It is usually very difficult to succeed in establishing that a Bank owes a general advisory duty to a customer. This is particularly true in the case of company directors who are accustomed to dealing with complex banking transactions and who have access to their own independent advice. This was covered in Cat’s previous post regarding the case of Titan Steel Wheels v RBS and in Liina’s recent coverage of the Grant Estates case.
It is worth bearing in mind that the law relating to an individual’s personal borrowing is quite different. The Financial Service Authority’s Conduct of Business Rules (“COB Rules”) sets the parameters on how a bank should act with individual customers. Section 150 of The Financial Services and Markets Act 2000 (FSMA) allows an individual who has suffered a loss as a result of a breach of these Rules by a bank to sue the bank who provided the advice. It is potentially quite a powerful remedy because it is much more straightforward than overcoming the various legal hurdles of proving a bank acted negligently.

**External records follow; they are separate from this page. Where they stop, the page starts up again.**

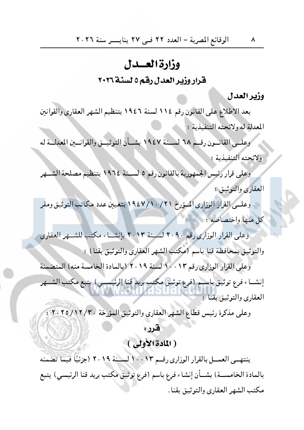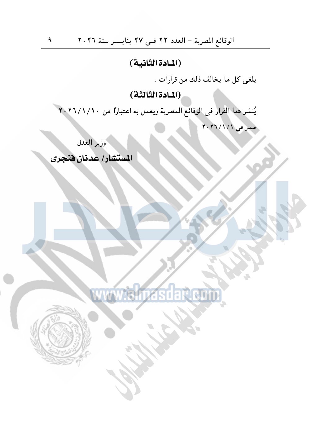 كما نشرت الوقائع المصرية، في العدد 22، الصادر في 27 يناير سنة 2026، قرار وزارة العدل، رقم 6 لسنة 2026، بشأن إنهاء العمل بالقرار الوزارى رقم 1178 لسنة 2014.
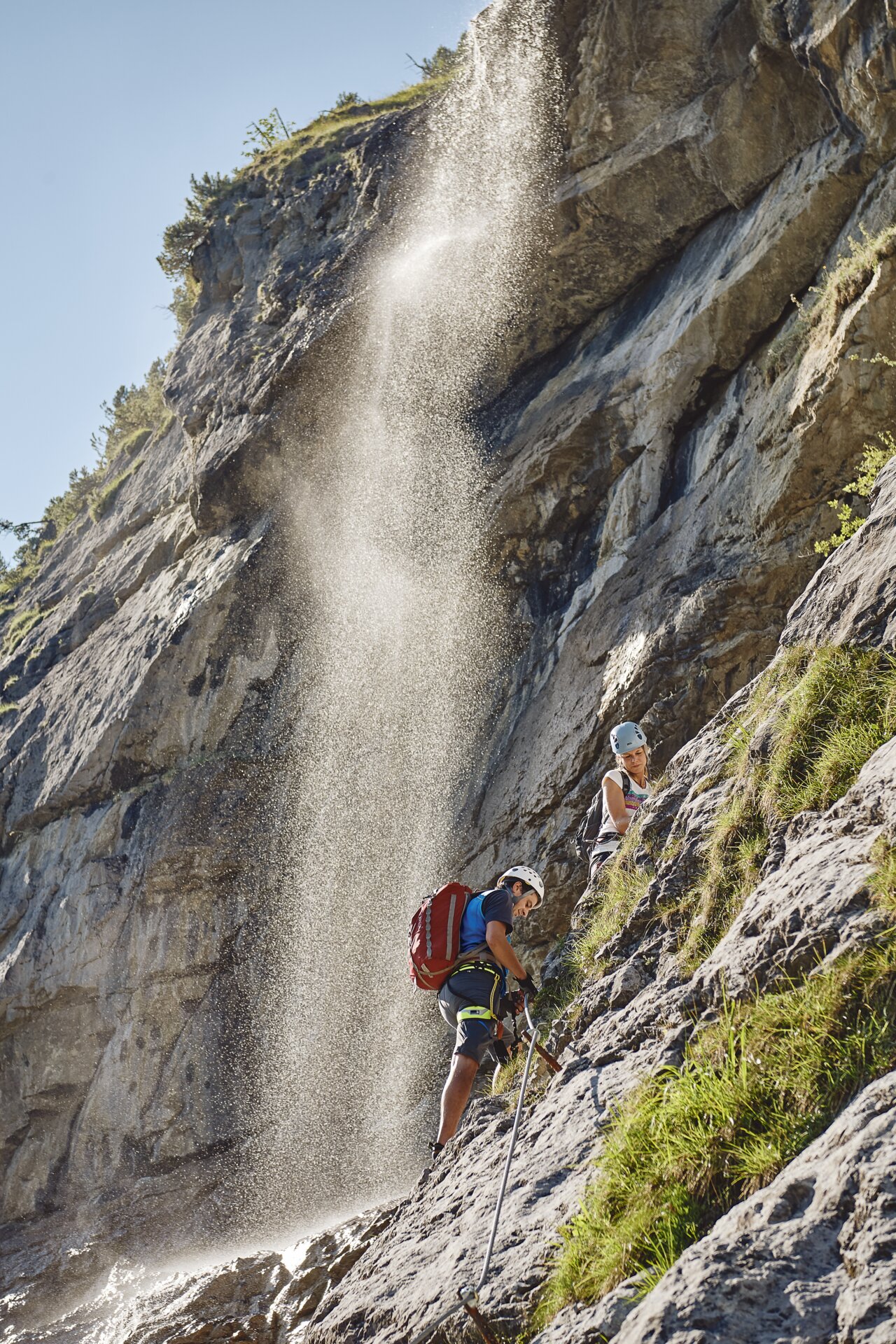 Heute wage ich mich zum ersten Mal an die Fallbachwand, Seite an Seite mit Roland Vierhauser. Er, ein Meister seines Fachs, sowohl als Bergführer und Erbauer dieses Klettersteigs als auch als erfahrener Eiskletterer. "Am Fallbach kann man auch Eisklettern. Die Eistouren hier sind unter den längsten in Österreich", erklärt er mir, als wir uns den steilen Pfad emporarbeiten. Seine Worte über das Schwinden der Eisbedingungen hallen als Mahnung des Klimawandels in mir nach.
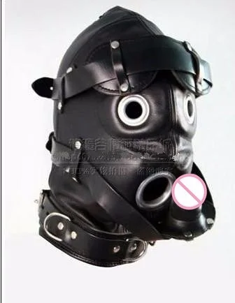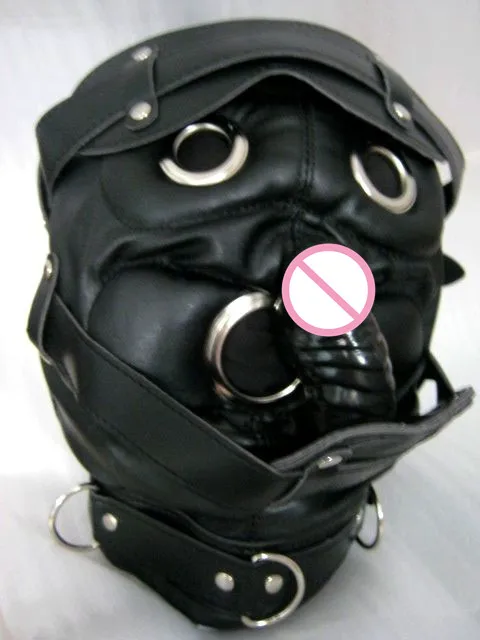 Affordable 2018 Nieuwe Zachte Lederen Bondage Kap Masker Afneembare Ooglap Silicone Dildo Mond Plug Hoofddekse
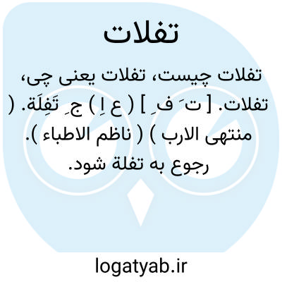لغت نامه دهخدا تفلات. [ ت َ ف ِ ] ( ع اِ ) ج ِ تَفِلَة. ( منتهی الارب ) ( ناظم الاطباء ). رجوع به تفلة شود.
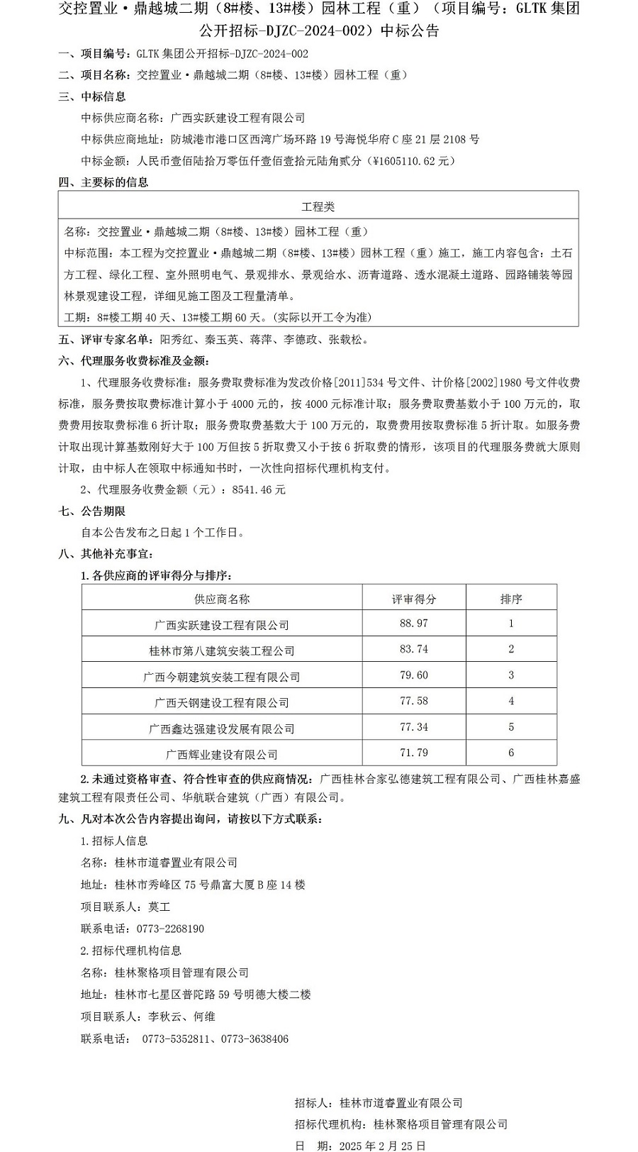交控置业·鼎越城二期(8#楼、13#楼)园林工程(重)(项目编号:GLTK集团公开招标-DJZC-2024-002)中标公告
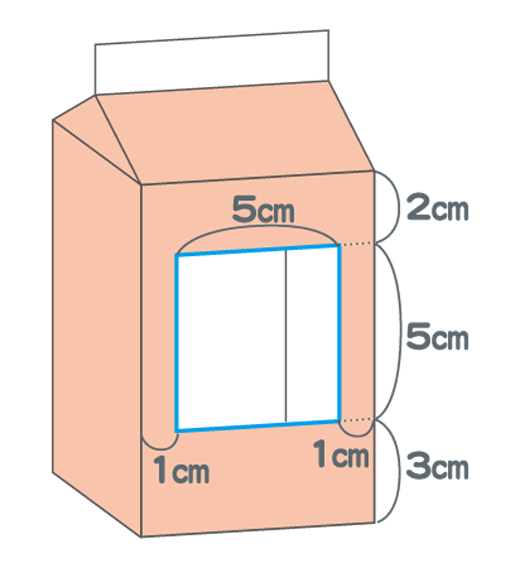 牛乳パックの胴体(どうたい)部分を図のように切り取ります。

The COB Rules can be found on the FSA’s Handbook website. The Handbooks are divided by lending type. For example, the Mortgage Handbook sets out the rules that lenders must abide by when offering Mortgage finance. These rules state that a lender must conclude, before offering the borrowing, that the customer can afford to enter in to the mortgage contract and that the mortgage contract is appropriate to the needs and circumstances of the customer. A lender who fails to follow these Rules risks liability under section 150 of FSMA.
Although a good starting point for any individual who believes that they have received bad advice from a lender, it is worth noting that the interactions between these rules can become quite complex. Some of the Handbooks even prevent the statutory right to relief under section 150 of FSMA so it is worth examining their terms carefully or seeking advice from your solicitor.